Newswise — An astounding number of galaxies populate the observable Universe, with recent estimates placing that number anywhere from 100 billion to 2 trillion. And, akin to snowflakes, no two are exactly alike. But depending on their visual appearance and physical features they can be divided into four broad classes: elliptical, lenticular, irregular and spiral, with many subclasses in between. However, galaxies are dynamic objects that evolve over time as they interact with their surrounding environment, meaning that an individual galaxy may fall under multiple classifications throughout its lifetime.
Such is thought to be the case with NGC 4753, which astronomers hypothesize began as a normal lenticular galaxy but morphed into the more specific peculiar class after a merger with a nearby dwarf galaxy over a billion years ago.
Discovered by astronomer William Herschel in 1784, NGC 4753 displays some truly fascinating features. In this image captured by the Gemini South telescope, one half of the International Gemini Observatory operated by NSF’s NOIRLab, the galaxy’s intricate dust lanes are a sight to behold. NGC 4753 is located about 60 million light-years away in the constellation Virgo. It is a member of the NGC 4753 Group of galaxies within the Virgo II Cloud — a series of at least 100 galaxy clusters and individual galaxies stretching off the southern edge of the Virgo Supercluster.
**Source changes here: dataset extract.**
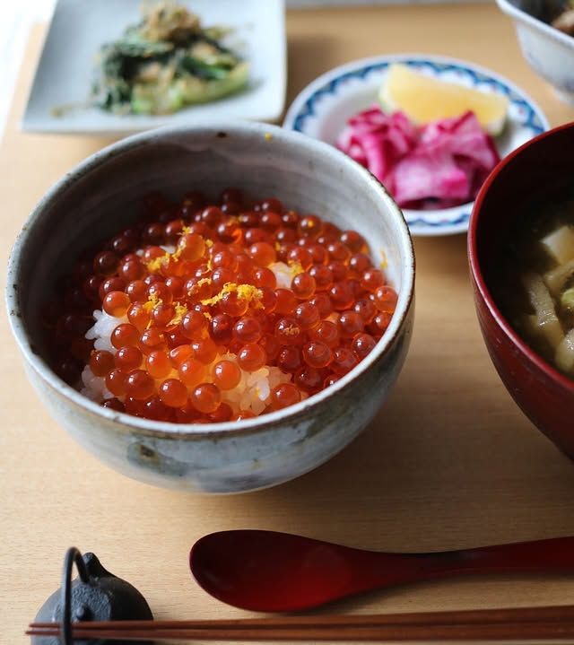 白いご飯に乗せたキラキラ輝く真っ赤ないくらは、見た目も華やかで食欲をそそります。まさに一気にかき込みたくなる魅力的な一膳。

NGC 4753’s distinct dust lanes, appearing to twist and turn around the galaxy’s nucleus, have long intrigued astronomers, and are the irregular features that give it its ‘peculiar’ classification. Seen nearly edge-on from Earth, this galaxy can appear rather mystifying. But in 1992 a team of astronomers led by Tom Steiman-Cameron, now a senior research scientist at Indiana University, published a detailed study of NGC 4753 in which they found that its complicated shape is likely the result of a merger with a small companion galaxy.
“Galaxies that gobble up another galaxy often look like train wrecks,” said Steiman-Cameron, ”and this is a train-wreck galaxy.”
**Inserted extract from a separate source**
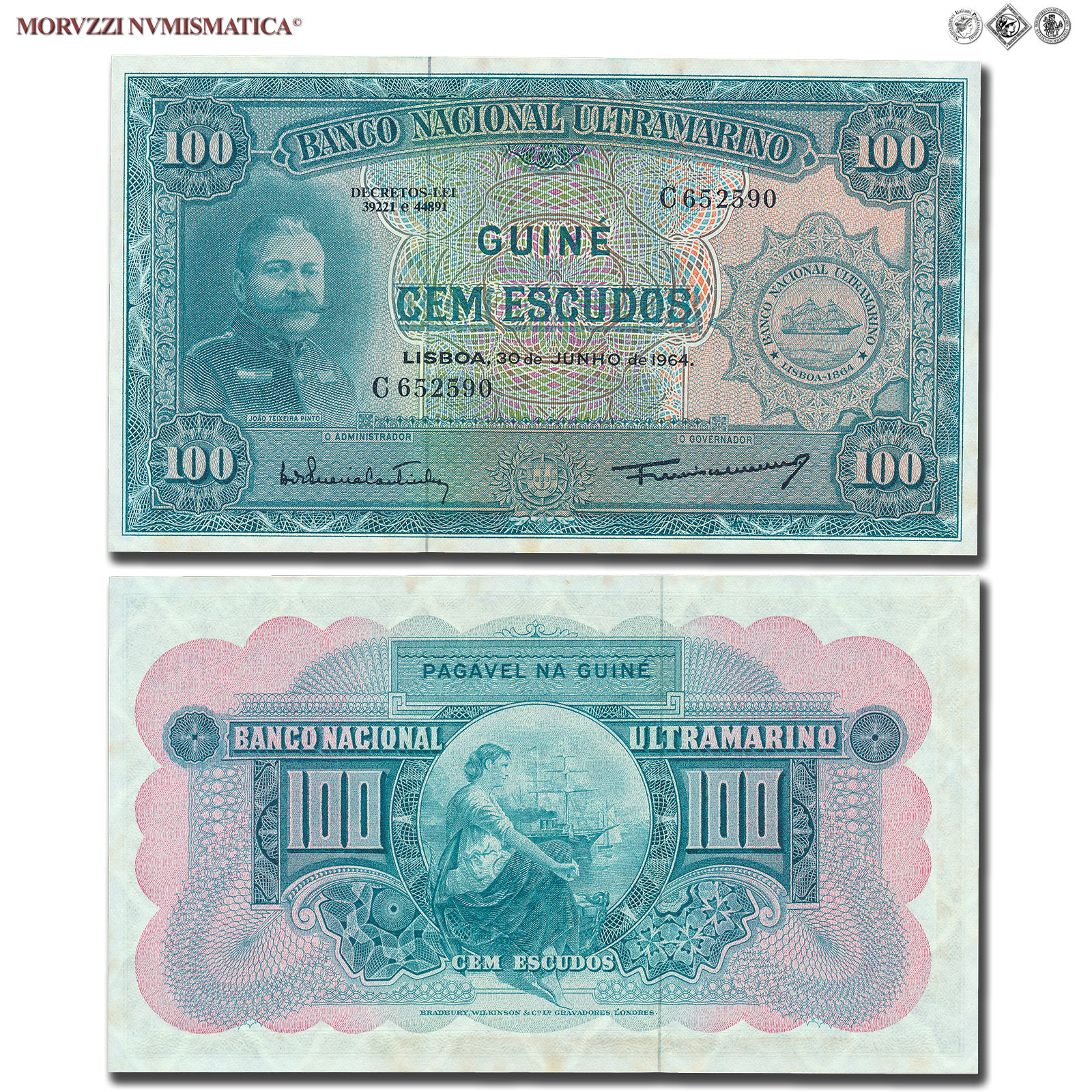 Guinea Portoghese, BANCO NACIONAL ULTRAMARINO, 100 ESCUDOS, 30.06.1964, Joao Teixeira Pinto, FDS, (R), (Bruce 41) / banconote mondiali rare (cartamoneta mondiale rara - banconota da collezione)

Galaxy mergers occur when two (or more) galaxies collide, causing their material to mix and significantly altering the shape and behavior of each galaxy involved. In the case of NGC 4753, it is thought that the once standard lenticular galaxy merged with a nearby gas-rich dwarf galaxy about 1.3 billion years ago. The gas of the dwarf galaxy, coupled with bursts of star formation triggered by this galactic collision, injected the system with vast amounts of dust. The galaxy’s inward spiral due to gravity then caused the accumulated dust to smear out into a disk shape. And this is where the story gets interesting.
Steiman-Cameron and his team found that a phenomenon known as differential precession is responsible for NGC 4753’s entangled dust lanes. Precession occurs when a rotating object's axis of rotation changes orientation, like a spinning top that wobbles as it loses momentum. And differential means that the rate of precession varies depending on the radius. In the case of a dusty accretion disk orbiting a galactic nucleus, the rate of precession is faster toward the center and slower near the edges. This varying, wobble-like motion results from the angle at which NGC 4753 and its former dwarf companion collided and is the cause of the strongly twisted dust lanes we see wrapped around the galaxy’s luminous nucleus today.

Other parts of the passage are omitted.